I don't know what led Jacquet to start looking at images of Earth, but it became clear to him that it was just a dot, and that going from screen-printing to the cosmos was merely a question of scale. Starting with a NASA photograph, Jacquet began to distinguish all sorts of shapes, much like Leonardo da Vinci or Botticelli saw figures in clouds or spots on a wall. Marilyn Monroe, dolphins, a clown, etc. Imagination knows no bounds, and the work fully aligns with psychoanalysis. What we imagine is clearly an expression of our fantasies. Little by little, the artist decided to turn his gaze outward. After all, why limit oneself to our planet when the universe is so vast? The entire universe thus rushes into Jacquet’s work, which becomes a sort of two-dimensional land art. This is where the "pop," which consists of sublimating the popular culture of its time, makes a return. Jacquet had already been "pop" in many ways, by reinterpreting the game of jacquet (the precursor to backgammon) early in his career, or by prominently placing a loaf of Jacquet-brand bread in his Déjeuner sur l’herbe. He was playing with his own surname, this name that one is given at birth and does not choose. The images of planets would be distorted by computer and then printed on canvas. The rocky masses, hurtling through space, become innocent donuts, those popular American pastries with a hole in the center, a hole evoking more carnal orifices, like the female sex or the anus. The adulterous love of the gods Mars and Venus, frequently depicted in classical painting, then takes on a more sexual, more explicit turn.

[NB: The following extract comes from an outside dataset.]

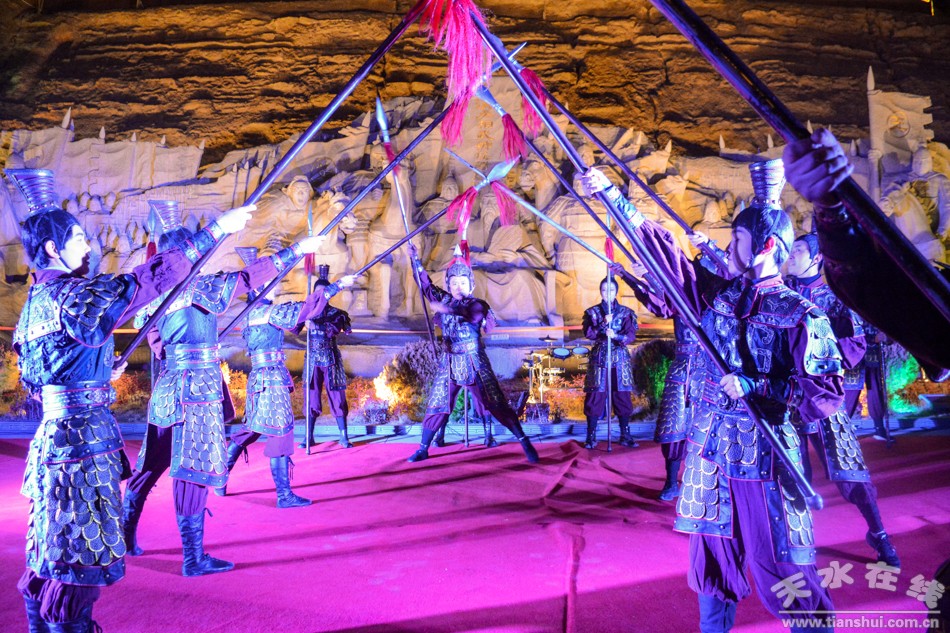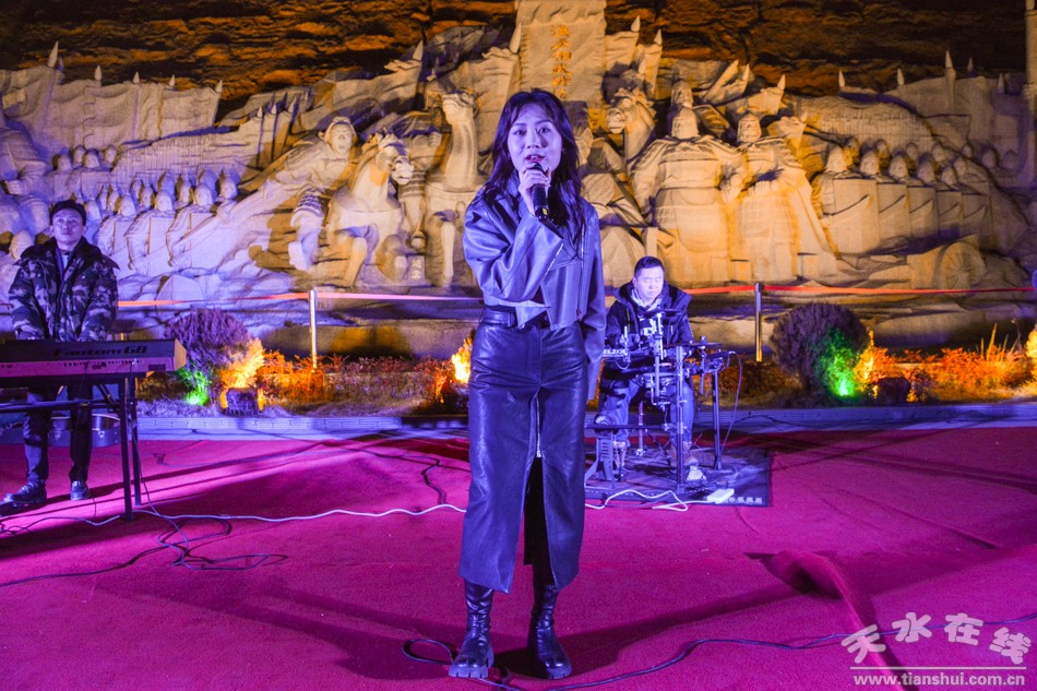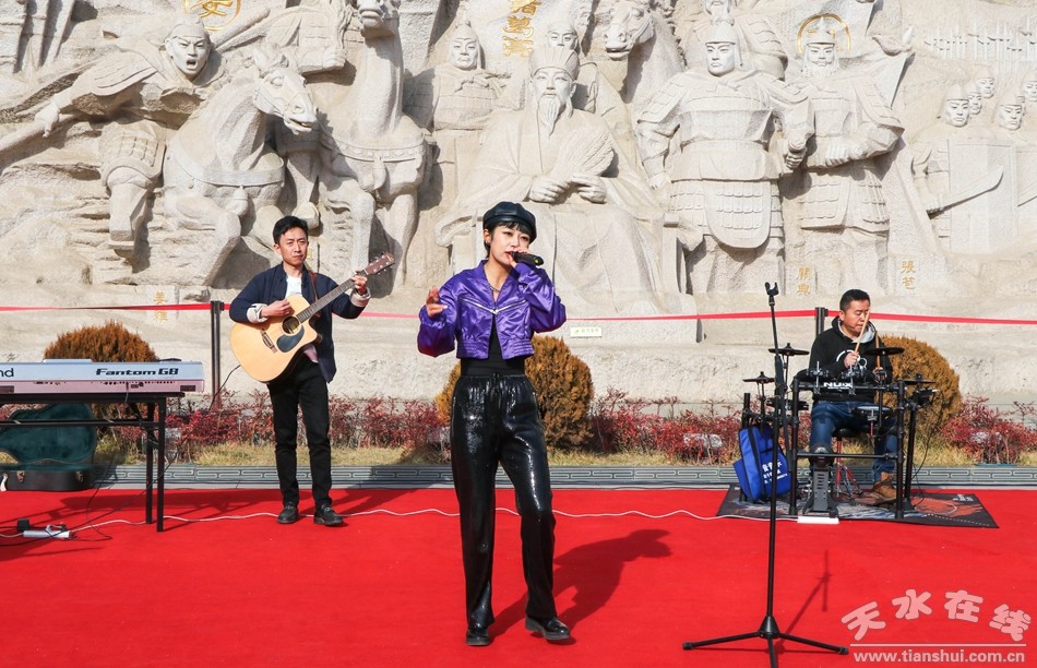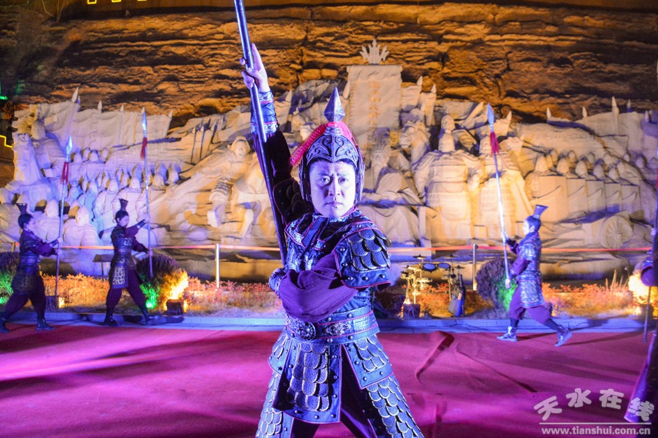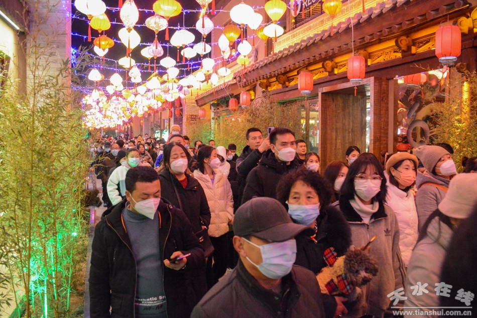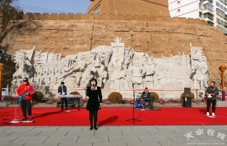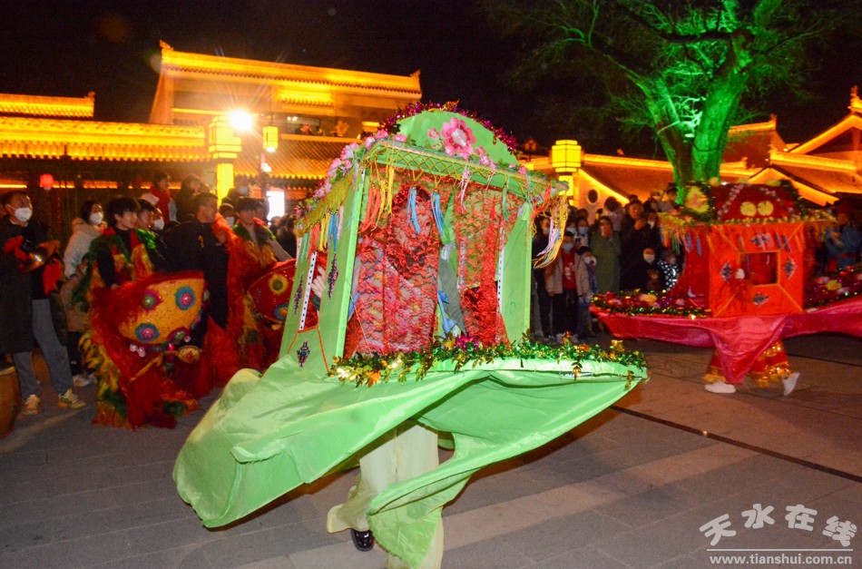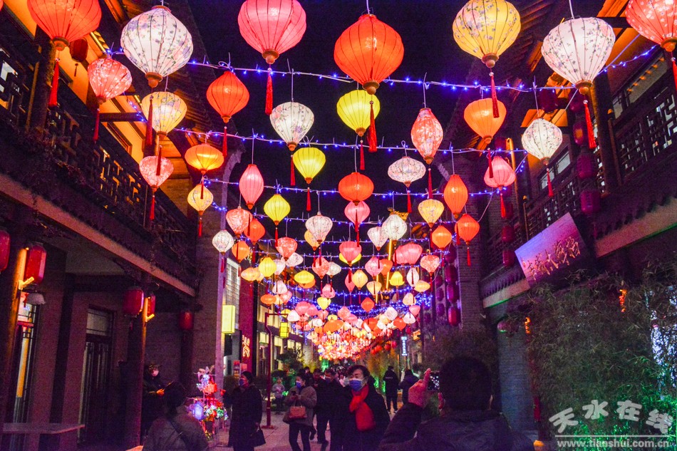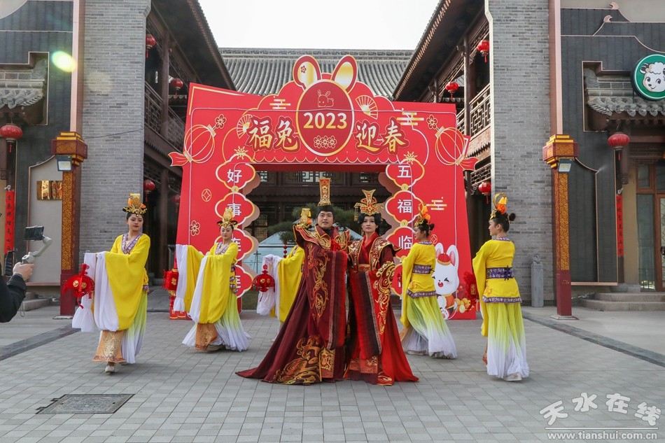 1月25日(大年初四)下午和晚上,天水市歌舞团组织演艺团队到天水西关古城进行多种形式的文艺表演,吸引众多游客观看。演出节目涵盖非遗舞狮、旱船、毛驴秧歌、秦州小曲、祭祀汉服秀、乐舞表演、电声乐队、快闪舞蹈《梦回三国》《秦州夹板》等。

Born in North Dakota, James Rosenquist first made a name for himself in advertising, which had a lasting influence on him. His painting unfolds on large formats, accumulating fragments and resembling, in some ways, the accumulations of Arman, or the reliefs of Jean-Pierre Raynaud. An artist like David Salle surely studied Rosenquist’s paintings extensively. The cosmos makes an appearance in his work, seemingly beginning in the early 1970s, initially as a starry backdrop, a firmament in which the motifs seem to float. This sense of infinity is experienced in his installation Horizon Home Sweet Home (1970), currently on display at the Ropac Gallery in Pantin, when smoke machines erase the distances. The paintings he created in the early 2010s, his final works, are like kaleidoscopes, shattered glass open to infinity. They fractalize interstellar space, aggregating worlds. In a way, this is what Rosenquist had always done, but on a human scale.